BlackBerry e-mail outage caused by 'routine' upgrade of capacity

From the Associated Press

The company behind the BlackBerry smart phones said a three-hour e-mail outage Monday was caused by an upgrade designed to increase capacity.

Research in Motion Ltd. said Tuesday that the upgrade was part of "routine and ongoing efforts," and that similar upgrades in the past had caused no problems.

The outage, which started about 12:30 p.m. PST, annoyed subscribers who are used to checking and writing e-mail whenever they're in cellular coverage and able to make voice calls. It affected only some of the BlackBerry users in North America -- for others, the service kept working fully.

It was the second major outage for the service in less than a year. In April, a minor software upgrade crashed the system for all users. A smaller disruption in September also was caused by a software glitch.

Research in Motion, which is based in Waterloo, Canada, has been on a tear, adding 1.65 million subscriber accounts in the quarter ended Dec. 1, for a total of 12 million subscribers worldwide. It has deals with scores of wireless carriers around the world.

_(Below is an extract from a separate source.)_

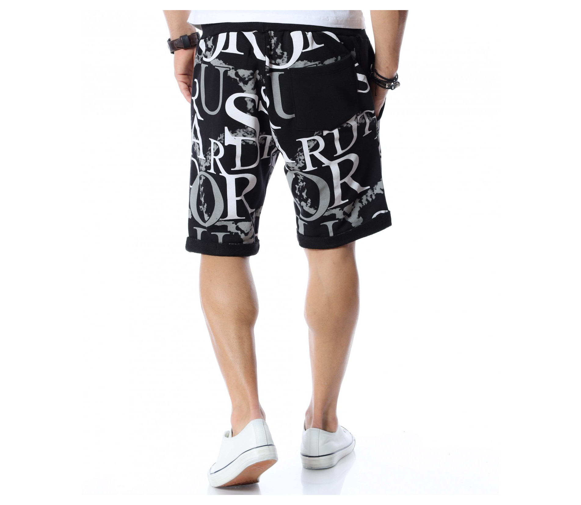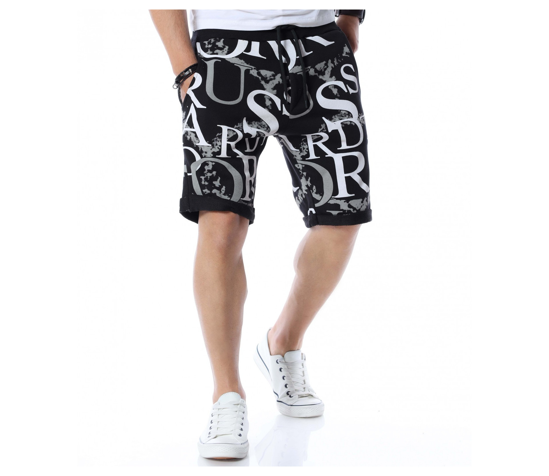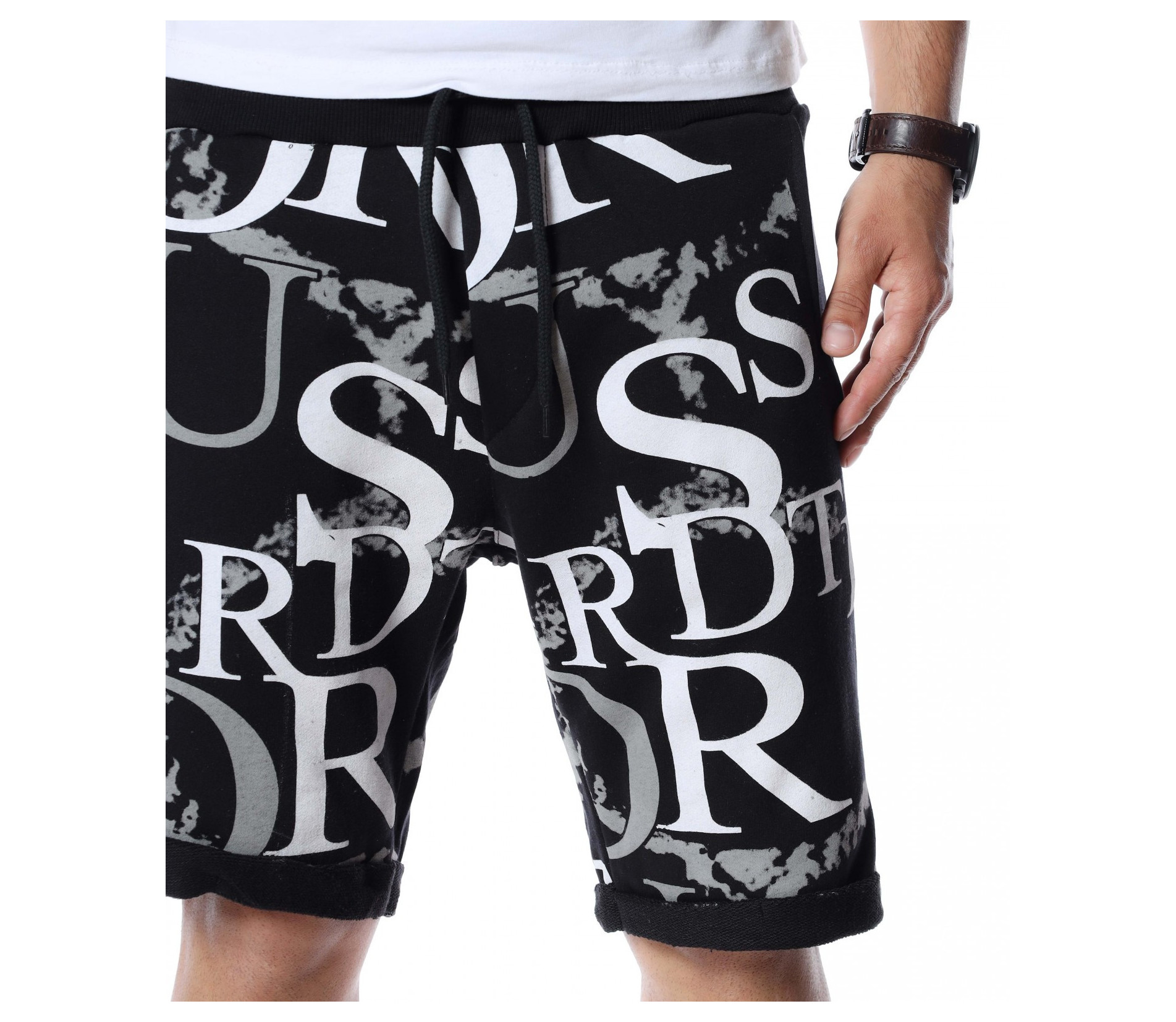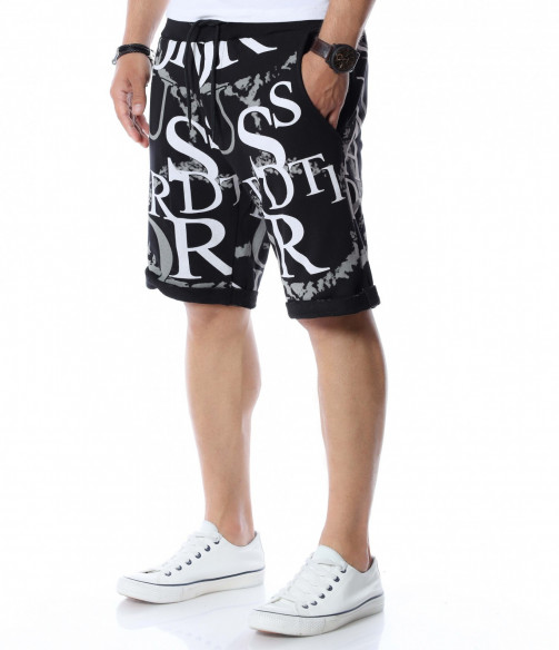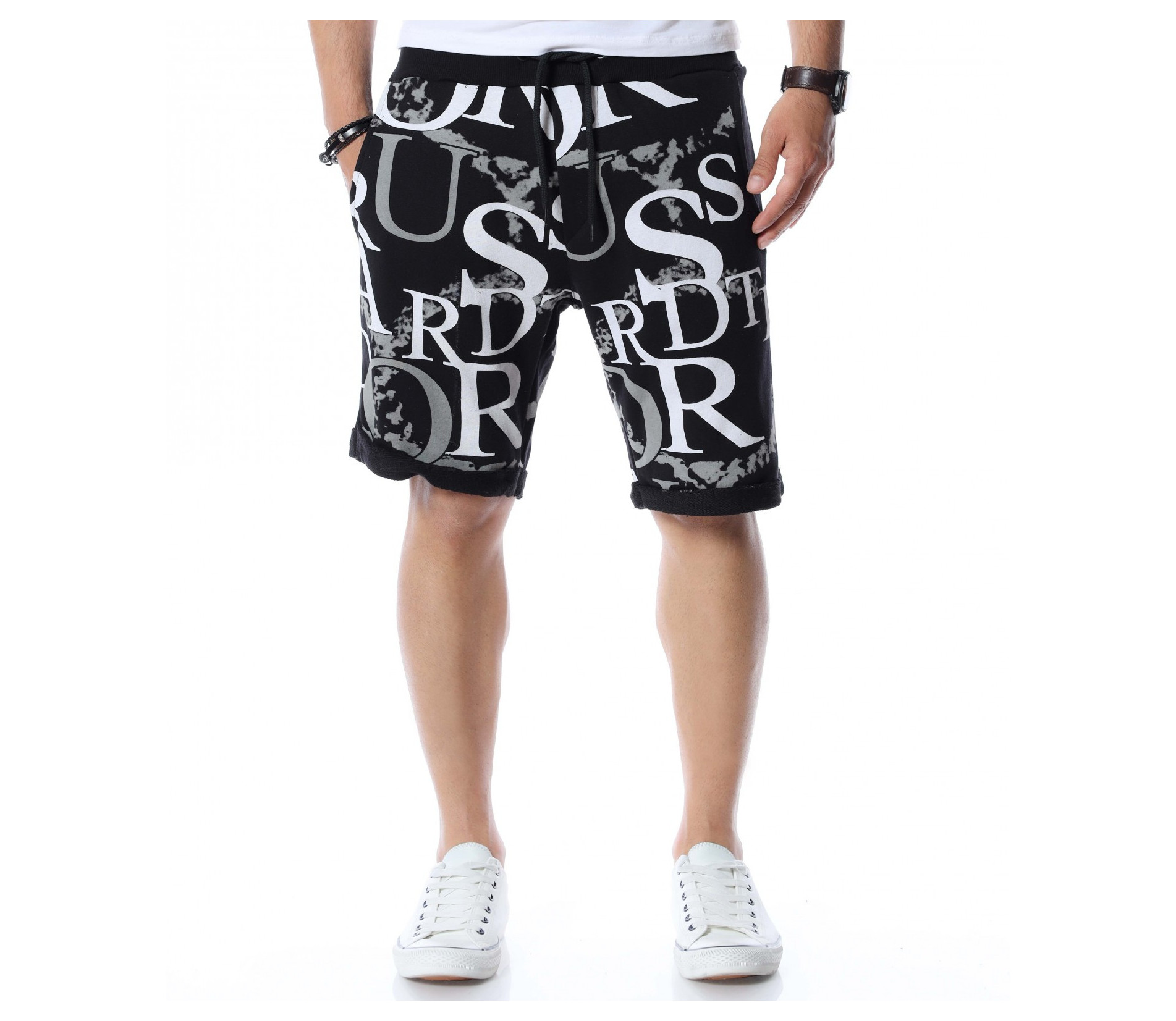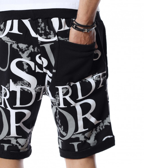 Разнообразете и подновете вашият летен гардероб като станете притежател на свеж модел - мъжки къси панталони. Основата е едноцветна, а по цялата дължина, отпред и отзад, откриваме масивни букви и декорации, с които няма как да останете незабелязани. На талията са позиционирани ластик и връзки, за да може да регулирате по-лесно ширината при нужда. В предната част, моделът разполага с два джоба и един в задната част, който по-скоро е за декорация. Кройката и меката материя ще ви осигурят комфорт и лекота на движение през целият ден. Нашето предложение: Комбинирайте с високи кецове, тениска и аксесоари по избор и ще изглеждате зашеметяващо.

Experts said the company's system was relatively reliable, but its centralized structure meant that when there were problems, they could affect millions of users.

E-mail sent to and from BlackBerry phones in North America all goes through a Network Operations Center. It appears that the problem occurred there, when one of two Internet addresses that relay e-mail from corporate servers stopped responding, said Zenprise, a Fremont, Calif., firm that helps companies troubleshoot BlackBerry problems.

"Any time you got a system that's got a NOC, a Network Operations Center, you have the potential for a single point of failure," said Jack Gold, with technology analyst firm J.Gold Associates in Northborough, Mass.

"What's a bit surprising to me is that with all the work they've been doing over time . . . that they haven't been able to have enough redundancy in the NOC so that there isn't a single point of failure," said Gold, who has done business with Research in Motion.